A Revolução Portuguesa – a interacção do


geral e do particular
por Maria da Piedade Morgadinho

Só nesse momento, e ao cabo de 48 anos de uma luta persistente e heróica do povo


português e do PCP, sempre presente, se conjugaram todas as condições que tornaram
possível o derrubamento da ditadura fascista. Confluíram, nessa data, a crise profunda em
que se vinha debatendo o regime fascista incapaz de dar solução aos problemas mais graves
que atingiam o povo e o país, a crescente agudização de todas as suas contradições internas
e externas, o seu isolamento internacional, o agravamento das condições de vida das massas
e o desenvolvimento impetuoso das suas lutas, em todas as frentes, e a existência de forças
sociais, políticas e militares revolucionárias organizadas e determinadas a conquistar a
liberdade.
A Revolução portuguesa, tal como o PCP a caracterizou, e a história comprovou, foi uma
revolução simultaneamente antifascista, antimonopolista, antilatifundista, anticolonialista e
anti-imperialista. Uma Revolução Democrática e Nacional. Uma revolução que teve como
objectivos fundamentais a instauração de um regime democrático e a construção de um
Estado democrático, a liquidação do poder dos monopólios e dos grandes agrários, melhorar
as condições de vida do povo em geral, pôr fim às guerras coloniais e reconhecer o direito à
independência dos povos das colónias, libertar Portugal do domínio imperialista estrangeiro
recuperando a independência e a soberania nacionais e o desenvolvimento de uma política
de paz e amizade com todos os povos do mundo.

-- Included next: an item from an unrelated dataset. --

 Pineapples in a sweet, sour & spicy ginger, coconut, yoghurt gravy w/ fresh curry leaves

A definição em 1964 (Rumo à Vitória) e 1965 (VI Congresso e Programa do Partido) da
etapa da nossa revolução como uma Revolução Democrática e Nacional suscitou vivas
críticas ao Partido. Pretendiam alguns detractores que o PCP havia desistido da revolução
socialista. Isto, quando o Programa do Partido era muito claro ao afirmar que a luta pela
Revolução Democrática e Nacional era parte constitutiva da luta pela revolução socialista.
Criticavam outros o facto de, na etapa democrática o PCP apontar como objectivos da
revolução profundas transformações sociais e económicas, como as nacionalizações e a
reforma agrária, que, normalmente, constituíam objectivos de uma revolução socialista.

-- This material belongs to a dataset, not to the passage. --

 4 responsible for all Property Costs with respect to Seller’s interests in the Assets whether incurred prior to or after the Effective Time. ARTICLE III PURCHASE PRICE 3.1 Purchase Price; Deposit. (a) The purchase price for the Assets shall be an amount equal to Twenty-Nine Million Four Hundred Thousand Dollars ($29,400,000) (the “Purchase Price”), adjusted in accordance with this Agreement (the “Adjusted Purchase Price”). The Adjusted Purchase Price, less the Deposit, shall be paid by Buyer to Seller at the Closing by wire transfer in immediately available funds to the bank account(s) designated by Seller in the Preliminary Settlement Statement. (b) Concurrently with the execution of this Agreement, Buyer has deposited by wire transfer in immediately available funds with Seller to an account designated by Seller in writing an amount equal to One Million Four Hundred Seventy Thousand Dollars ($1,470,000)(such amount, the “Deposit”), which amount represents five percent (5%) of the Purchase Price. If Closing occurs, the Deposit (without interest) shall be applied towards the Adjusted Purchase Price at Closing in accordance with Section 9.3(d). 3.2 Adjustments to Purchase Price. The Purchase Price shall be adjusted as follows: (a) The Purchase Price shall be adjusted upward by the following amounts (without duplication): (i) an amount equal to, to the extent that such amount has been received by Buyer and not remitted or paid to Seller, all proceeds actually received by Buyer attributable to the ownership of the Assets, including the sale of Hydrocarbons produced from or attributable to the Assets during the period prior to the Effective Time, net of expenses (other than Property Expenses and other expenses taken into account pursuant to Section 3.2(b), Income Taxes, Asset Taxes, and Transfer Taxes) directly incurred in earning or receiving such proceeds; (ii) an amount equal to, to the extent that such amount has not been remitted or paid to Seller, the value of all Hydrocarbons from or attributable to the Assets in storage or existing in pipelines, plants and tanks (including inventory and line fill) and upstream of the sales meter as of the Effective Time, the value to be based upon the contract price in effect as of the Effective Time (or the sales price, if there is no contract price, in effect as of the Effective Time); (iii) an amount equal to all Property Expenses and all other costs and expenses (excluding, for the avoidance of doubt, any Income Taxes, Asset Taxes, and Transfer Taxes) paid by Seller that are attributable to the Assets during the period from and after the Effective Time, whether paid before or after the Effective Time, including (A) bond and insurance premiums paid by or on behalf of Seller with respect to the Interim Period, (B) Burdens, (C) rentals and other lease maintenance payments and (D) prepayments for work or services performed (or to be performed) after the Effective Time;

Acusavam, então, o PCP de partir de esquemas pré-fabricados, de copiar modelos alheios,
neste caso a Revolução Socialista de Outubro de 1917.
Para a caracterização da etapa democrática da nossa revolução, o PCP não copiou modelos
ou experiências alheias. Apoiou-se, sim, e levou em conta essas experiências ao analisar as
condições concretas do nosso país, a sua história, as suas tradições. Apoiou-se e levou em
conta a teoria marxista-leninista da revolução social e os seus princípios essenciais, as leis
gerais do processo revolucionário mundial que se desenvolveu após o triunfo da Revolução
Socialista de Outubro. O PCP levou, igualmente, em conta os erros que podem vir a ser
cometidos e os prejuízos que causam à luta sempre que um partido os esquece ou abandona.
Aliás, lembramos que as revoluções que triunfaram após a Segunda Guerra Mundial numa
série de países da Europa e da Ásia distinguiram-se em muitos aspectos da Revolução de
Outubro, ao mesmo tempo que confirmaram as suas leis gerais e a aproximação de
transformações democráticas e socialistas na nossa época.
Ao caracterizar a etapa revolucionária, a definição da via para o derrubamento do fascismo e
os objectivos a alcançar, para a elaboração do seu Programa, aprovado no VI Congresso, em
1965, o PCP levou em consideração o nível de desenvolvimento do capitalismo em
Portugal, as classes que detinham o poder, a forma como exerciam o poder e a dupla
situação do país como detentor de um dos mais velhos e maiores impérios coloniais e ao
mesmo tempo colonizado pelo imperialismo estrangeiro.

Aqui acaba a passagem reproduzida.